Conrad stared back at them sheepishly, “We destroyed it.”
“Oh my gods!” Britney crossed her arms, stomping away.
“Wait, I’m sorry,” Lorelei found her voice, glancing back from Britney to Conrad, “What exactly is going on?”
“Hephaestian mirror,” Conrad repeated, his face a bit more shadowed than a moment earlier, “They work sort of like…like the portals at the train station, but with time instead of space.”
“Like the portals? So why can’t we come back through?”
Conrad scratched the back of his head, “Way stronger magic, really complicated, usually just one way.”

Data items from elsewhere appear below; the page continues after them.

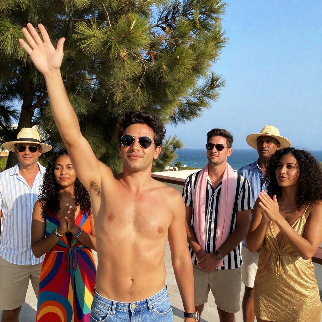 Three people on a boat. Woman in red bikini top, white pants, sitting left. Man in blue shirt, black cap, beard, sitting center. Man in black tank top, cap, standing right, arm raised. Blue water, green shore, American flag. Bright sunlight.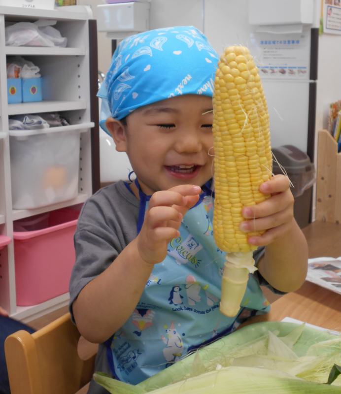 先月の食育は「とうもろこしの皮むき体験」でした🌽![]()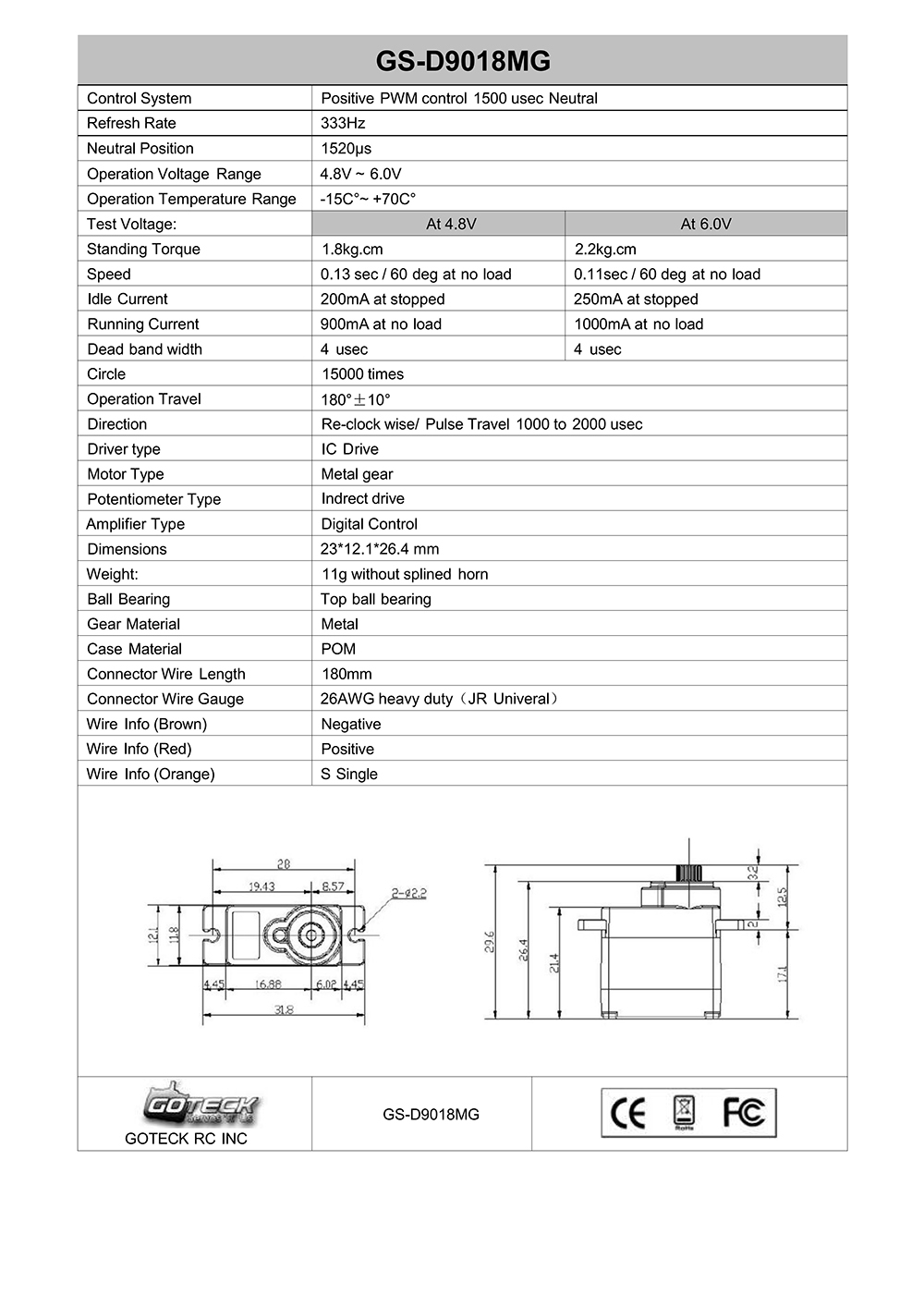 Torque: 1.8kg.cm at 4.8V; 2.2kg.cm at 6V;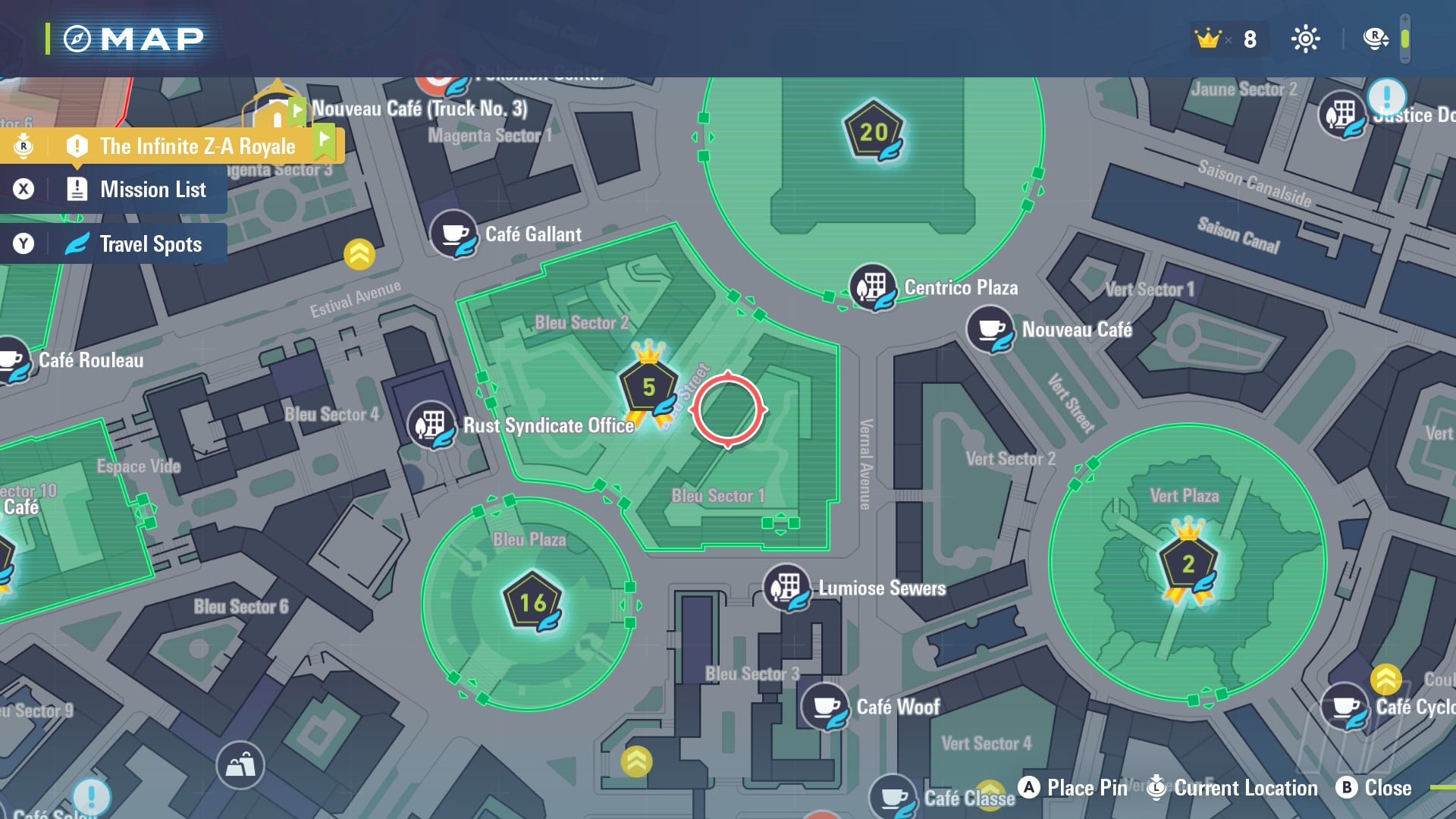 Wild Zone 5 is pretty hard to miss, as it eats up all of Bleu Sector 1 and 2. It's just southwest of Centrico Plaza and Prism Tower and right next to Café Gallant and one street west of Nouveau Café.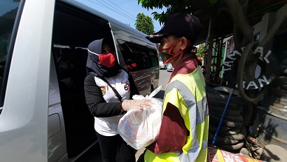 FOKUS JATENG-BOYOLALI-Aksi sosial Jumat Berkah ala persatuan istri anggota dewan ( PIADE) DPRD Boyolali dilakukan di beberapa pasar di kecamatan Banyudono, Jumat ( 15/5/2020) pagi. Pasar pengging menjadi yang pertama untuk pembagian paket sembako, para istri anggota dewan ini membagikan sembako kepada tukang parkir dan buruh gendong.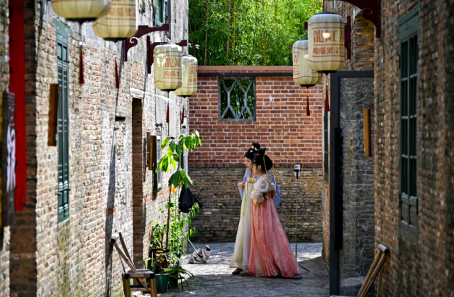 年轻游客在江西省景德镇市陶阳里历史文化街区游览。新华社记者刘金海摄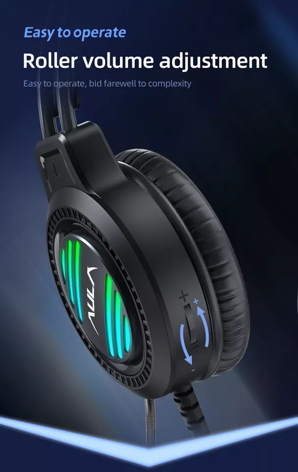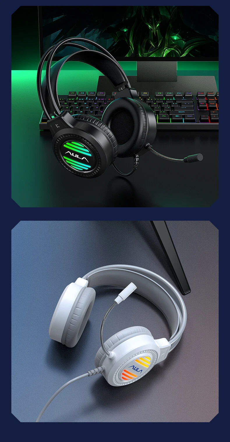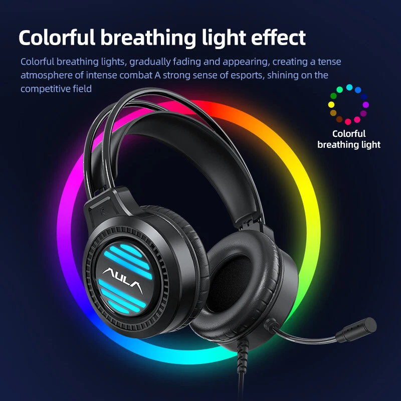 Aula S606 Gaming Headset USB 7.1 Surround Sound -RGB Colorful Lighting Effect – Skin friendly and Breathable – Flixable Noise Reduction Mic – 50mm Drivers – For PC & PS4 | Black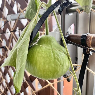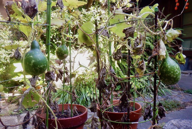 未熟なひょうたんは水浸けにするよりも、このように吊るして乾かすほうがよいのかもしれません。ということは、末成りの「20号」も軽くなるまで吊るしておくのがいいのかも。ベランダには他にも9月にできた「13号」〜「16号」の4個が残っているのですが、これはどうしょうかな。

Britney came storming back to the mirror, jabbing her finger into the glass, “And they destroyed our only way back!”
“No!” Conrad’s features were getting blurry, “This wasn’t the one Seamus fell into. There’s a second one somewhere on your side that will get you back, you just need to find it.”
“We don’t even know where our side is!” Britney snorted.
“Technically you do know where,” Conrad’s image was almost completely gone, “You just don’t know when.”
“When I get back there, I swear–”
“Shh!” Lorelei grabbed Britney’s arm to quiet her. From beyond the bedroom, there was a creak, footsteps on floorboards, coming toward them, and they froze.